CVDec 28, 2020

Joint Intensity-Gradient Guided Generative Modeling for Colorization

arXiv:2012.14130v1
AI Analysis

This work provides an incremental improvement in automatic image colorization for general users and applications by reducing artifacts and removing the need for reference images.

This paper introduces an iterative generative model for automatic colorization, addressing issues like edge color overflow and the need for reference images. By leveraging latent information in gradient maps and conducting inference in a joint intensity-gradient domain, the proposed system achieved superior performance compared to state-of-the-art methods in both quantitative comparisons and user studies.

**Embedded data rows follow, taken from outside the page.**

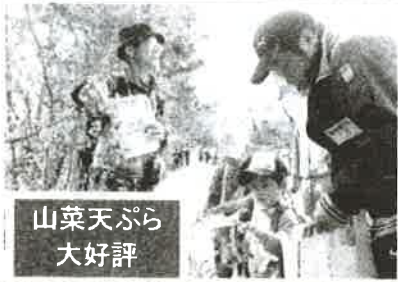
山菜天ぷら 大好評

¥ 500 円 とき 4/7(日) 対象 3歳以上 ただし 小学3年生以下は 保護者同伴 広報 3/15号 定員 60人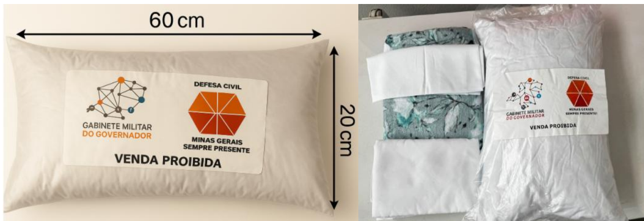
Imagem 3 – Kit Dormitório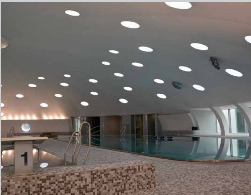
Water sport centre in Lingolsheim - France Installation: VOLTAIRE, LOUIS & LA BERGERE

Sanitized® prevents mould from forming and restricts the growth of microbes, fungi, mildew, rot and algae by disrupting microbial development and eliminating key sources that sustain their growth. As a result, mold and bacteria cannot form or spread.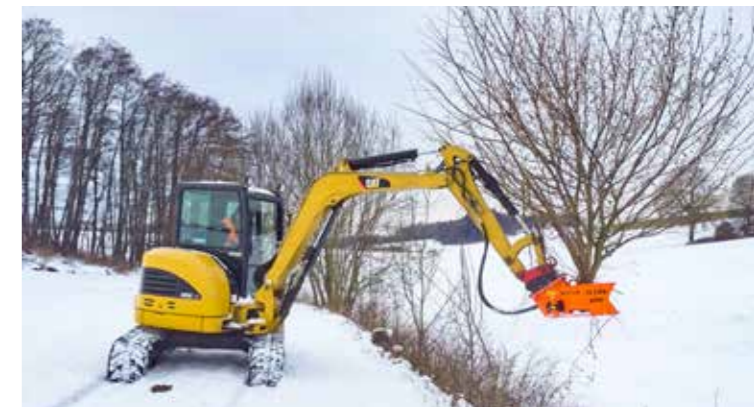
Per miniescavatori a partire da 2,5 t.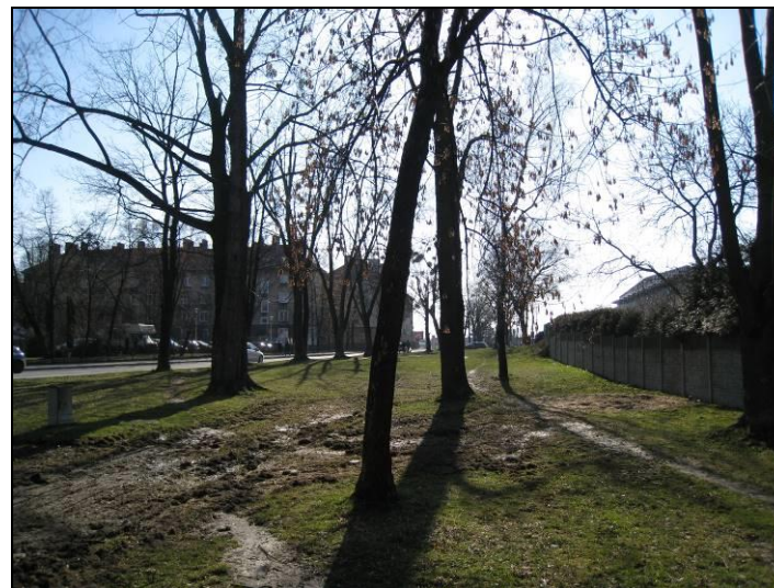
Fot. 3 Skwer pomiędzy ROD i ul. Bpa Burschego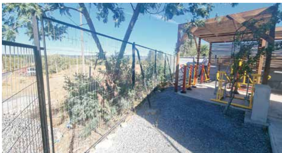
Construcciones y reparaciones en las distintas postas y Cesfam de la comuna, relacionadas con la calefacción, acceso universal, máquinas de ejercitación.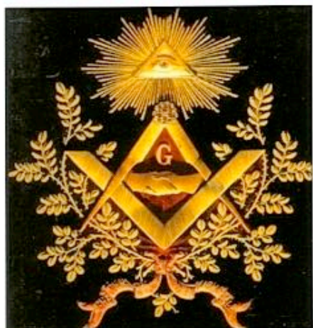
Symboles maçonniques : l'équerre, le compas...

Les origines précises de la Franc-maçonnerie ont fait l'objet de débats, car aux données historiques confirmées se mêlent parfois d'autres, légendaires ou symboliques. Ainsi, certains les font remonter à Adam, à l'Arche de Noé, à la construction du Temple de Salomon, ou encore aux bâtisseurs des... pyramides ; d'où le «rite égyptien» suivi par certaines obédiences maçonniques contemporaines.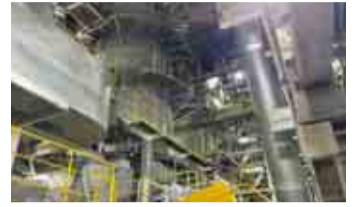
第一工場ごみ処理施設内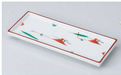
119-201-793 1,520円 赤絵つゆ草長角付皿 (21×8×2.3)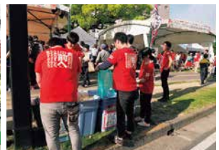
JT清掃活動への参加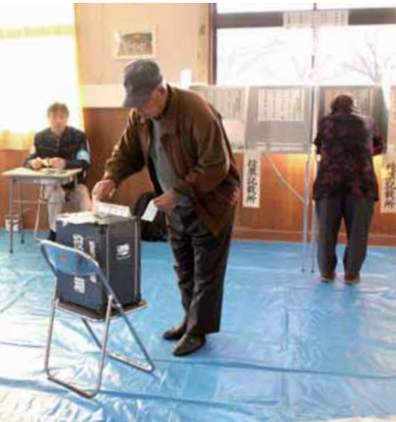
自らの意思を示すために一票を投じる有権者(昨年の第47回衆院選)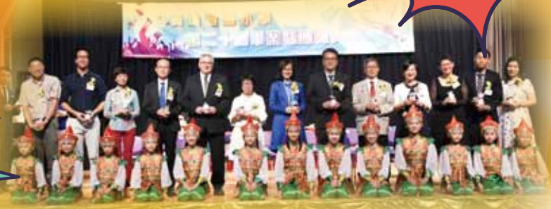
可愛的舞蹈員為嘉賓們致送紀念品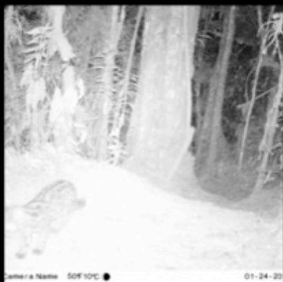
Camera Name 50F10C ● 01-24-20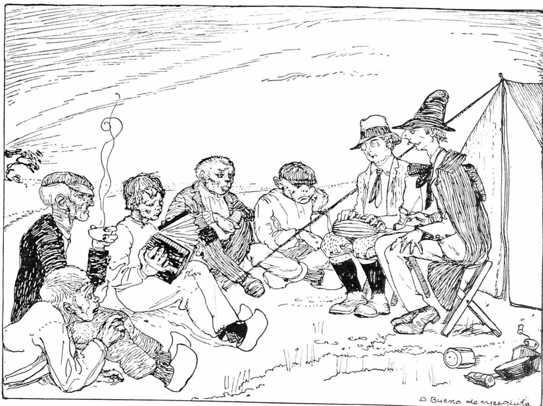
HET RUSTIGE GEZELSCAP VAN „DE STIP” EN ZIJN WAKKERE JONGENS.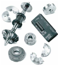
Piezas de repuesto de los compresores centrífugos Centac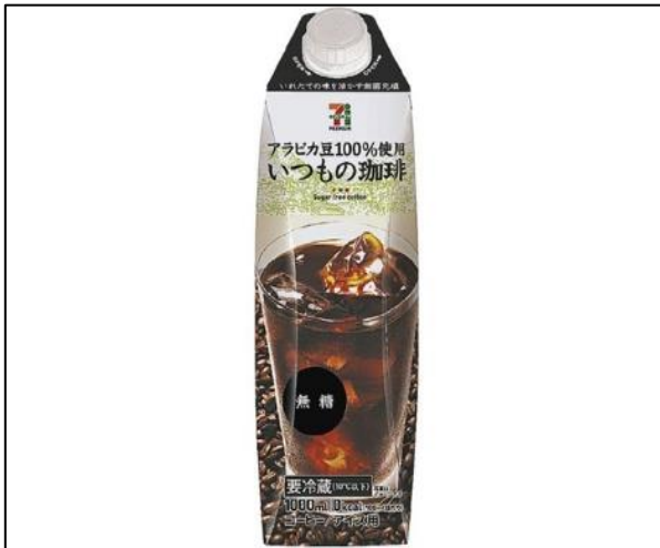
[図 1] アラビカ豆 100% を謳った標品の例

あらゆるコーヒー豆は、一部の専門家によって高品質の認証を得たコーヒーとして消費者に伝わっている。

This paper proposes an iterative generative model for solving the automatic colorization problem. Although previous researches have shown the capability to generate plausible color, the edge color overflow and the requirement of the reference images still exist. The starting point of the unsupervised learning in this study is the observation that the gradient map possesses latent information of the image. Therefore, the inference process of the generative modeling is conducted in joint intensity-gradient domain. Specifically, a set of intensity-gradient formed high-dimensional tensors, as the network input, are used to train a powerful noise conditional score network at the training phase. Furthermore, the joint intensity-gradient constraint in data-fidelity term is proposed to limit the degree of freedom within generative model at the iterative colorization stage, and it is conducive to edge-preserving. Extensive experiments demonstrated that the system outperformed state-of-the-art methods whether in quantitative comparisons or user study.